La niña mayor no pudo evitar tirar del dobladillo de Lin Caixia y susurró:
—Mamá, danos un bocado de bollo al vapor, solo uno.
Las dos niñas delgadas y pálidas tenían grandes ojos llenos de súplicas.
Lin Caixia estaba totalmente inmutable y sacudió su mano.
—Comer, comer, comer, eso es todo lo que saben.
¿Ya he comido yo?
Aún así quieren comer.
Dar a luz a ustedes fue verdaderamente mi peor infortunio…
Las dos niñas se encorvaron ligeramente, con las manos cubriendo sus estómagos marchitos, totalmente sin fuerzas, su visión oscureciéndose.
Sin hacer un sonido, la madre y las hijas regresaron a la casa.
La casa estaba lamentablemente deteriorada.
Había una cama rota, ni siquiera una mesa, y junto a la pared había un cofre roto que incluso una rata pensaría dos veces antes de visitar.
Además de eso, solo había cosas como escupideras y pequeñas cestas, todas sin excepción rotas y viejas.
Siendo niñas, Yang Xiaocao y Yang Xiaomiao eran tan invisibles en la Familia Yang, y las hermanas ni siquiera tenían una cama.
Su zona de dormir era un rincón acolchado con malas hierbas y trapos rotos.
En ese momento, las dos hermanas estaban acurrucadas en el rincón.
Solo la luz de la luna, que entraba por la pequeña ventana de madera, caía sobre ellas, que era toda la luz que tenía toda la habitación.

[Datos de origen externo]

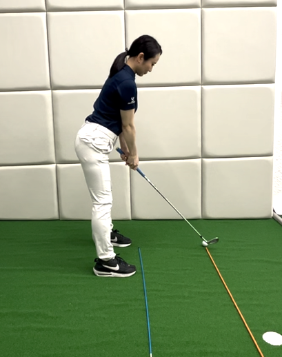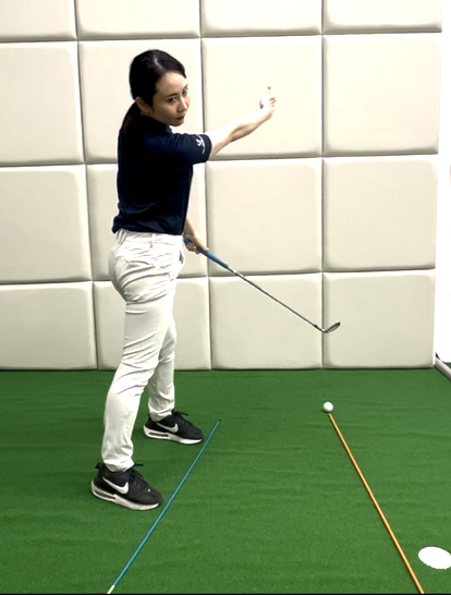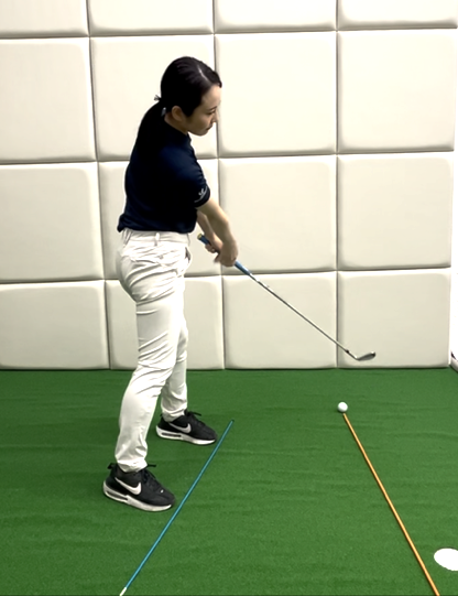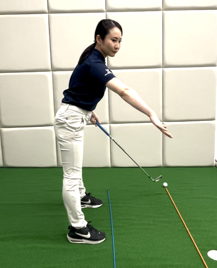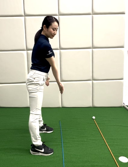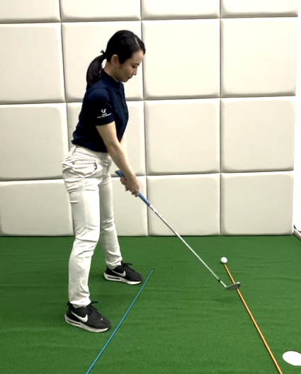 3.練習中は必ずフェースが赤いスティック(ターゲットライン)を向いているかチェック。

Lin Caixia estaba acostada en la cama, respirando tranquilamente como si eso ayudara a mantener a raya el hambre.
Yang Xiaomiao olfateó su mano, el dulce aroma del bollo al vapor había desaparecido hace tiempo.
La decepción brilló en sus ojos…
—Si tan solo hubiera rechazado cuando su abuela le lavó las manos.
—Hermana, ese bollo era realmente sabroso —dijo Yang Xiaomiao con voz suave.
—Duerme, no sentirás hambre una vez que te duermas —Yang Xiaocao tragó saliva—.
Después de decir esto, acarició la espalda de su hermana.
Yang Xiaomiao se frotó el estómago vacío y cerró los ojos.
Al mismo tiempo, en la Familia Lin.
Después de comer, Gu Yingzhou planeó montar su bicicleta para llevar a Lin Tang de vuelta al condado.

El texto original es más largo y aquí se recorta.